This Is The Ideal Temperature For A Poinsettia

Home improvement stores and nurseries are bursting with Christmas décor, including large displays of colorful poinsettias. While their presence seems significant among the seasonal cheer, these holiday essentials are also comforting and expected. Like a loaf of bread or mints from the grocery checkout stand, they're the one item you likely didn't go shopping for but invariably leave with.

In fact, poinsettias (Euphorbia pulcherrima) are the top-selling potted plant in the country, according to the University of Illinois. There are more than 100 varieties of poinsettias, which are also called the flame-leaf and lobster flower, aptly named for their vibrant red color. However, they're also available in pink, white, yellow, salmon, burgundy, and purple. Interestingly, their signature pointed and velvety petals aren't flowers but rather specialized leaves (known as bracts) surrounding the true flowers; purchase those with the least amount of yellow pollen for increased plant longevity.

Poinsettias serving as holiday décor go back a half-millennium, and for many of us, the season wouldn't be the same without them. Per Florgeous, they became a symbol of Christmas in 16th-century Mexico and Guatemala, their native habitat where they grow freely. Their modern meaning also comprises success, joy, and celebration — the reason for their popularity as gifts. Whether you've gifted a poinsettia or a few to yourself (the more the merrier) or received one in good cheer, there are some best care practices to ensure they brighten these shorter days for as long as possible.

Poinsettia care

According to the University of Illinois, the gorgeous range of poinsettia hues is created by depriving the plants of light to achieve a specified color. To keep it vivid, place the plant where it will receive indirect light for at least six hours per day. While a window sill seems like an ideal spot, don't allow the leaves and bracts to come into contact with cold panes of glass. 

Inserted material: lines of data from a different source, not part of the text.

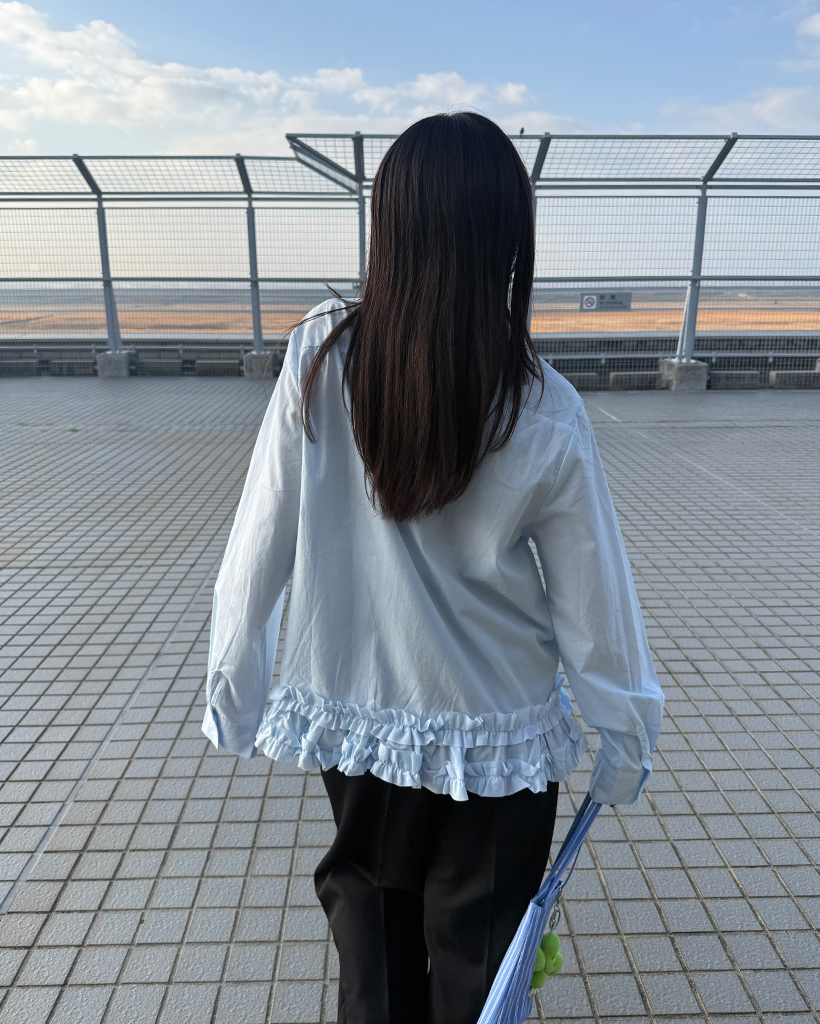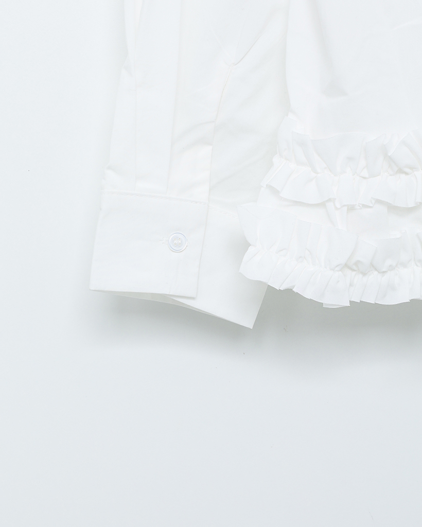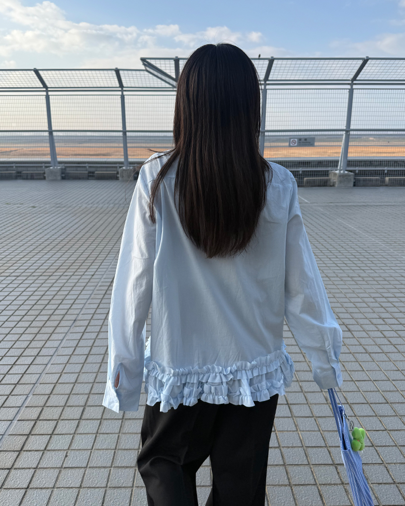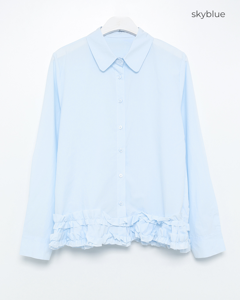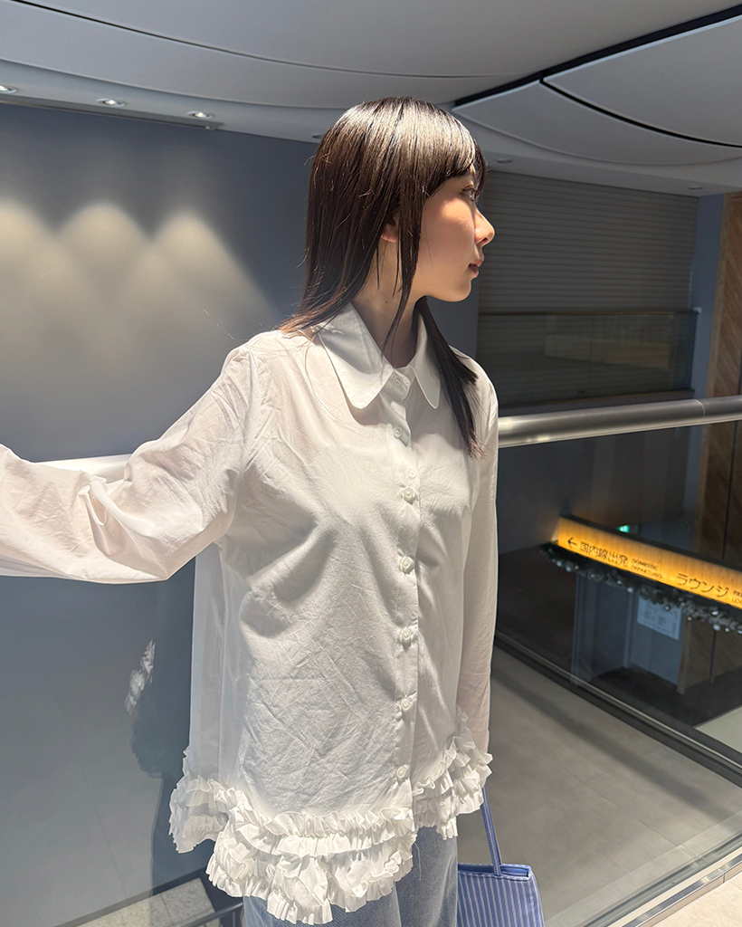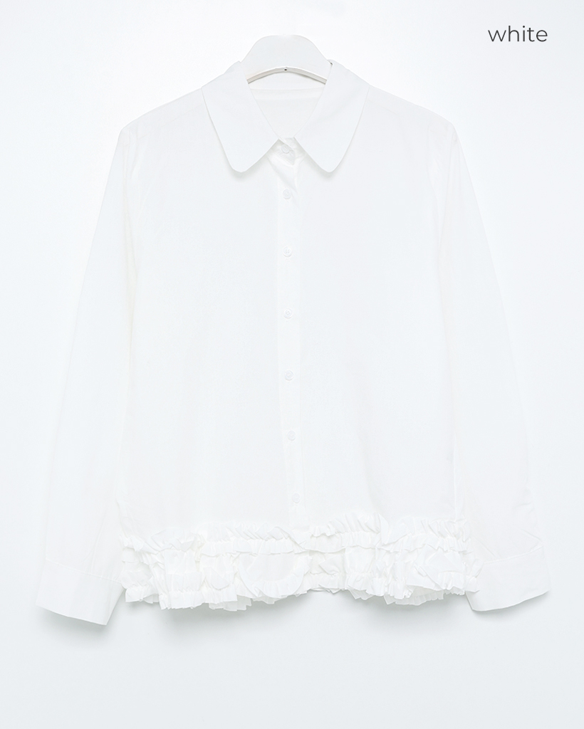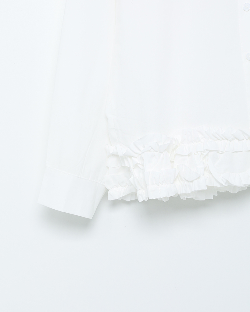 ダブルギャザーフリルヘムラウンドカラーシャツ
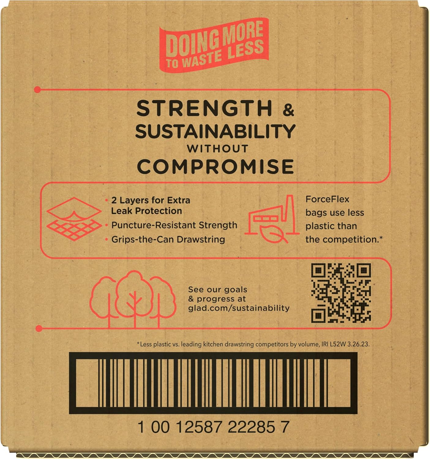 - FORCEFLEX TECHNOLOGY: Glad’s patented dual-layer protection is designed to give extra flex as it expands around sharp edges and heavy loads while resisting punctures, rips and tears
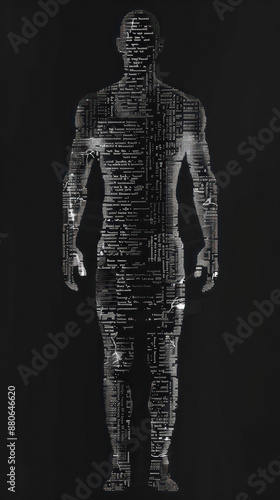 Dark digital human figure with abstract text design
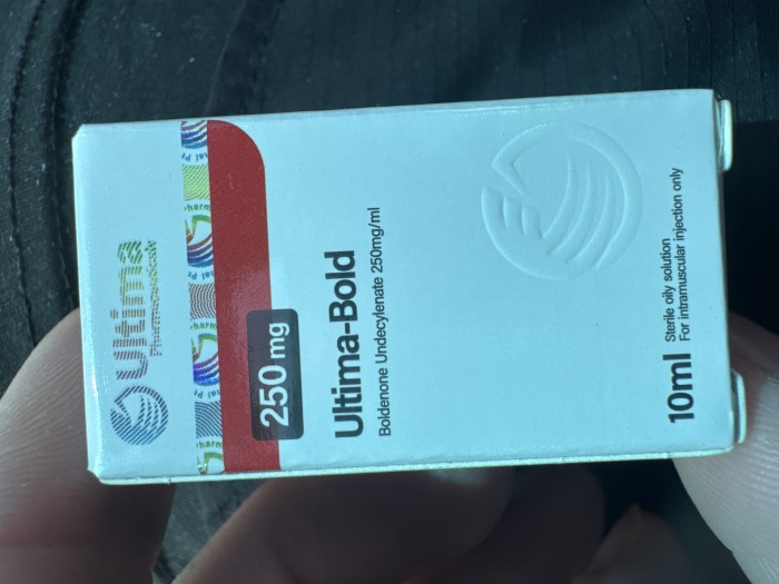 Ultima-Bold cycle for “chemists” – 8 weeks by taking 600mg per week of Ultima-Bold + 100mg every other day of Ultima-Prop + Winstrol 40mg per day.
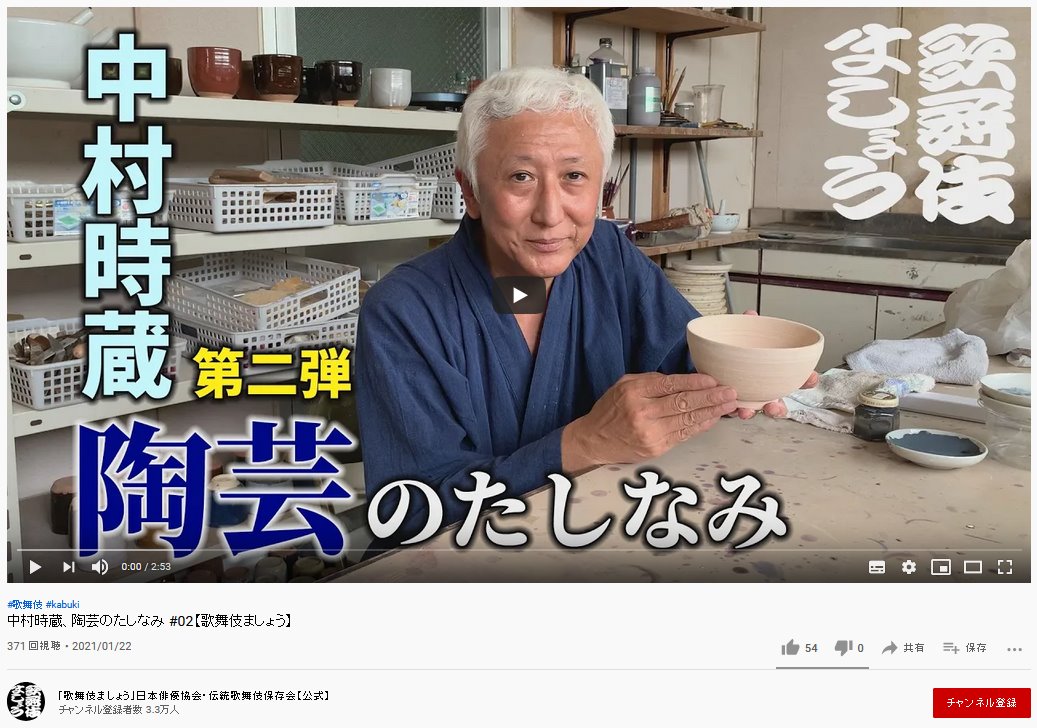 今回は中村時蔵が10年近く取り組んでいるという趣味の陶芸を紹介する動画の第2弾です。
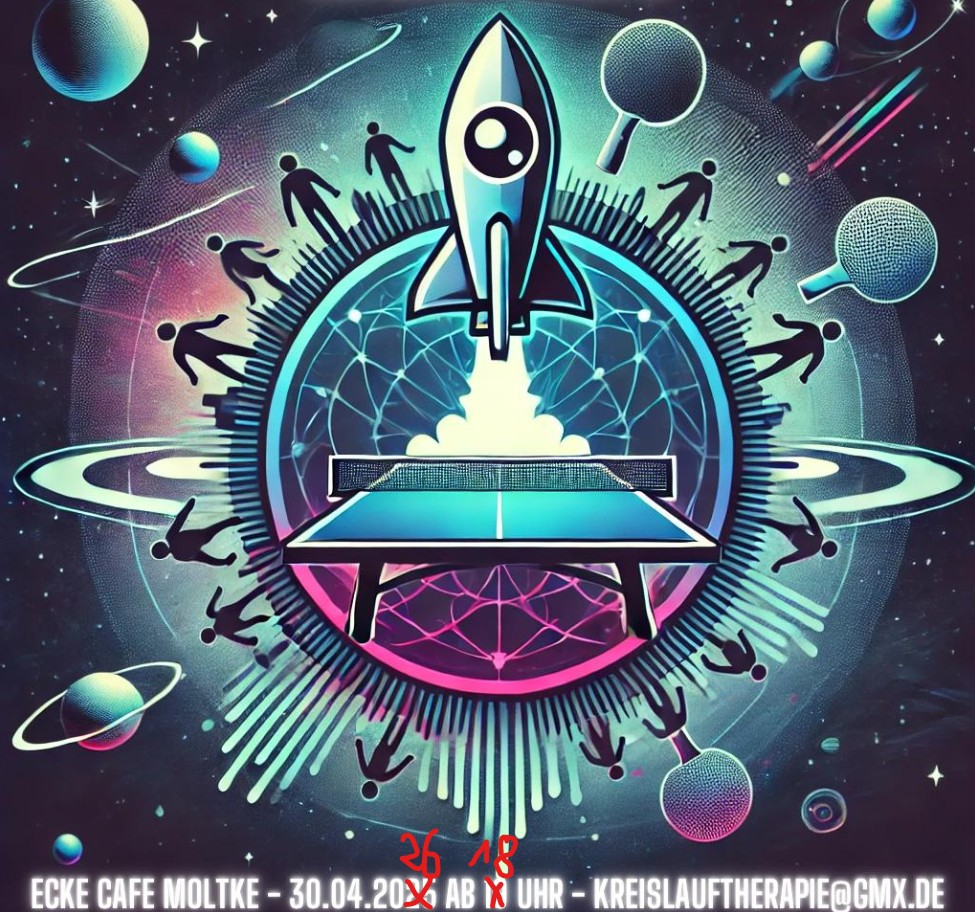 Eines wissen wir aber: Irgendwie, irgendwo, irgendwann, in der sich die Zukunft in die Vergangenheit fusioniert, findet die Kreislauftherapie statt. Am 30.04., von 17:59 bis 22:01 Uhr, gegenüber Café Moltke (Nähe Grethergelände), wollen wir gemeinsam mit euch in den Mai schmettern. Erwartungs-, anspruchs- und niveauloser Tischtennis-Rundlauf für alle mit allem. Wir versuchen es.

Further, poinsettias aren't very tolerant of warm or cool drafts, so avoid putting them in areas near heating vents, radiators, fireplaces, and windows and doors with air leaks. Temperatures between 60 and 70 degrees during the day and approximately 55 degrees at night are optimal; if feasible, it's recommended to relocate them somewhere cool overnight. However, the University of Minnesota cautions that temperatures below 50 degrees can damage plants. 

Potted poinsettias prefer well-drained, moist soil, so be careful neither to allow them to sit in standing water nor become dry enough to wilt. After the holidays — and as new growth begins to develop — fertilize them every few weeks. 

Appealing poinsettia displays

According to Web MD, although the myth of poinsettias' extreme toxicity has been widely debunked, they do possess a sap that can cause skin irritation. In addition, you may experience vomiting and nausea if you ingest the leaves, but it won't be life-threatening; their unappealing taste makes it rather unlikely. Regardless, in a home with young children and pets, it's a good idea to keep them out of reach where they can be feasted on with eyes alone.

There are some wonderful ways to use poinsettias to spread the festive spirit. HGTV says a faux (and draftless) fireplace is a perfect spot for a large plant; conceal the dark firebox behind fiery red flowers. If safety is of concern, adorn the mantle with a few small pots instead. Alternately, craft a beautiful dining room centerpiece. Go simple with a large and spectacular plant in a decorative pot, combine them with other appropriate greenery into a towering bouquet, or vary several sizes, employing a cake stand as a central riser to create a tabletop poinsettia tree.

Ornament unexpected places around the house with a splash of color, such as a bathroom counter or guest bedroom side table. And, for the most magnificent array, don't forget to reward your poinsettias with the gift of proper care.